Yoris caressa le rat et lui chuchota quelques mots. Il descendit le long de ses vêtements, s'approcha de mes chaussures, défit les lacets et retourna se jucher sur son dresseur. J'étais impressionné malgré moi et ma conviction était faite.

— Ils seraient tout à fait extraordinaires, si ce n'était leur manie de semer des crottes partout. Elles ont cependant le mérite de nous indiquer où ils ont passé beaucoup de temps. Comme dans cette loge, où un rat est visiblement resté toute la nuit. Sans doute jusqu'à ce que la porte soit enfoncée ce matin et qu'il puisse aller retrouver son maître. Pour un dresseur de votre talent, il ne doit pas être bien difficile d'apprendre à un rat à pousser un verrou, non ?

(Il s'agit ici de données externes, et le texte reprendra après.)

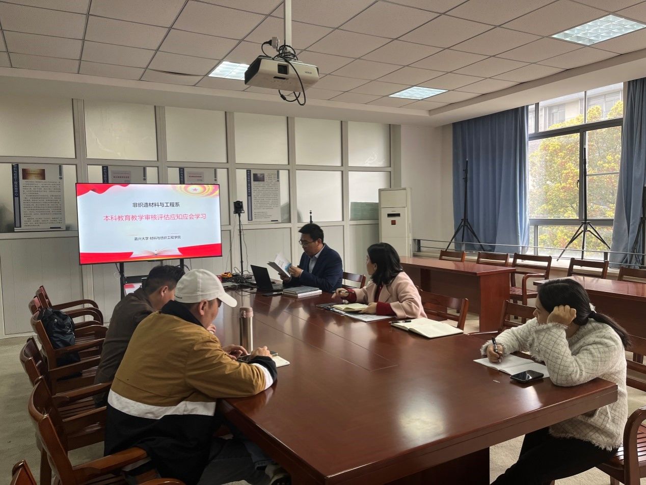 3月28日,非织造材料与工程系召开本科教育教学审核评估应知应会学习会。会议由非织系主任韩万里支持,非织系教师参会。
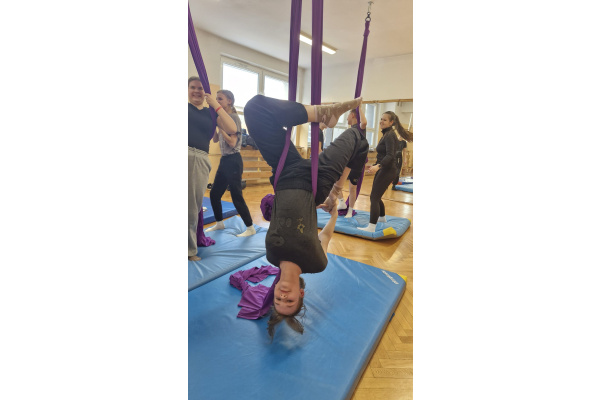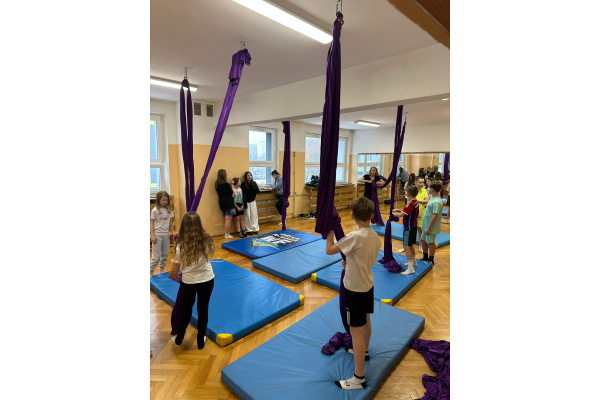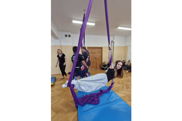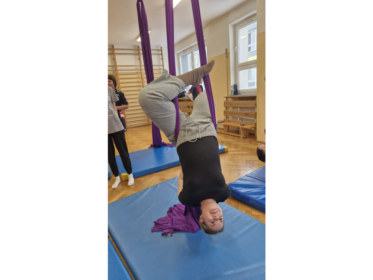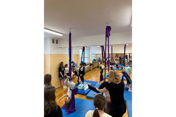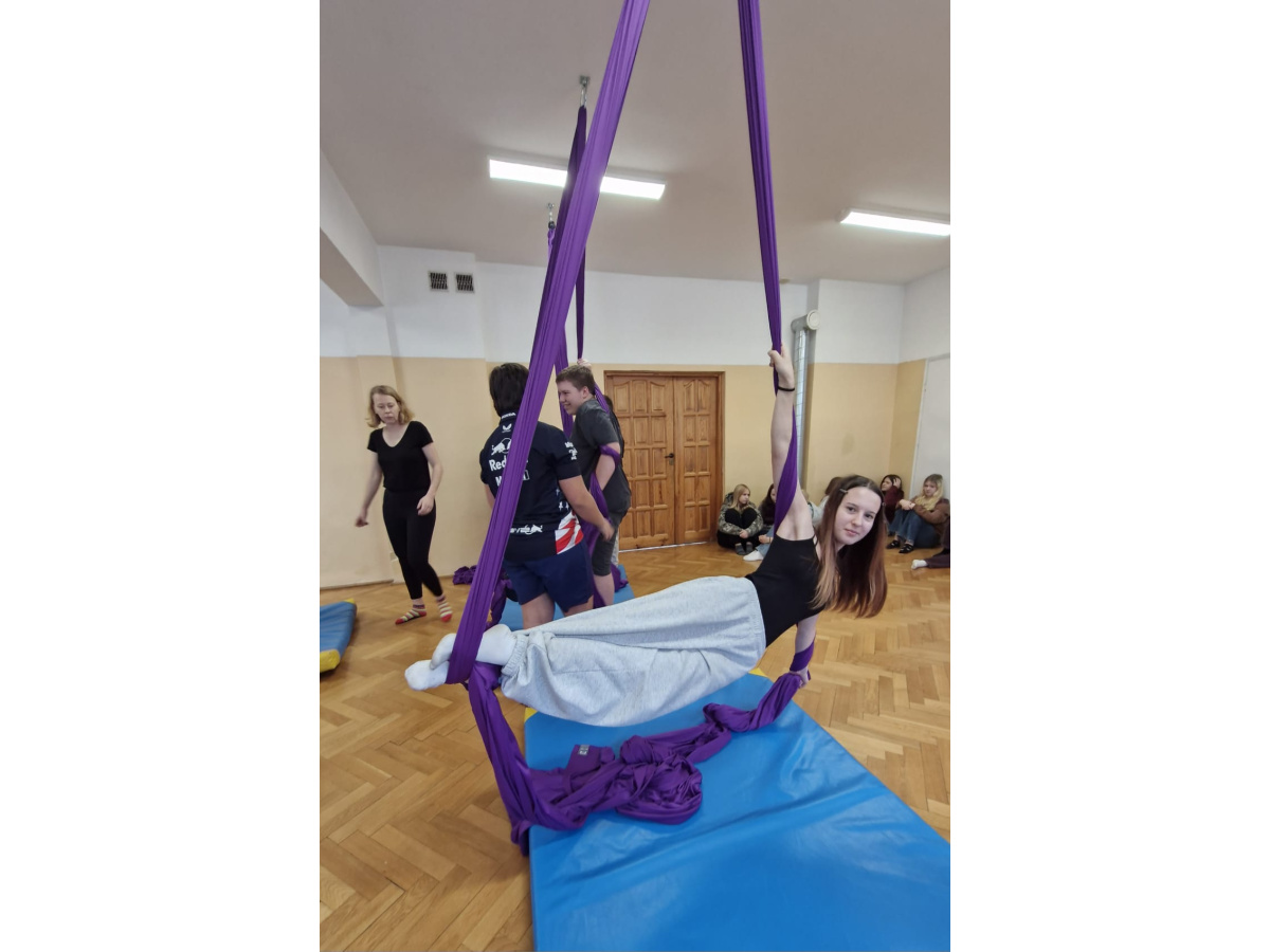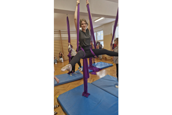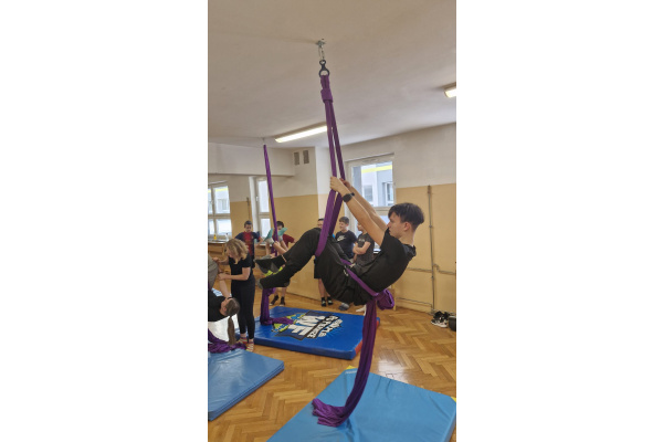 Niecodzienna forma zajęć miała także wymiar wychowawczy. Praca na szarfach uczyła zaufania – do sprzętu, nauczyciela oraz kolegów i koleżanek. Wspólne pokonywanie trudności integrowało grupę, a wzajemne wsparcie stawało się naturalnym elementem lekcji. Uczniowie, którzy na co dzień niechętnie uczestniczyli w ćwiczeniach, tym razem angażowali się z dużym entuzjazmem.

Yoris s'était raidi. Il agitait les doigts nerveusement.

— C'est ce qui s'est passé, n'est-ce pas ? C'était la seule solution pour que Jeanne reste auprès de vous. Hier soir, quand elle est partie, vous êtes allé tuer le magicien. Puis vous avez laissé un rat à l'intérieur afin qu'il pousse le verrou derrière vous.

Il regarda à nouveau vers Jeanne qui lui tournait toujours le dos. Il hésitait.

— Du fromage fondu sur des patates, c'est tout simple et tellement bon !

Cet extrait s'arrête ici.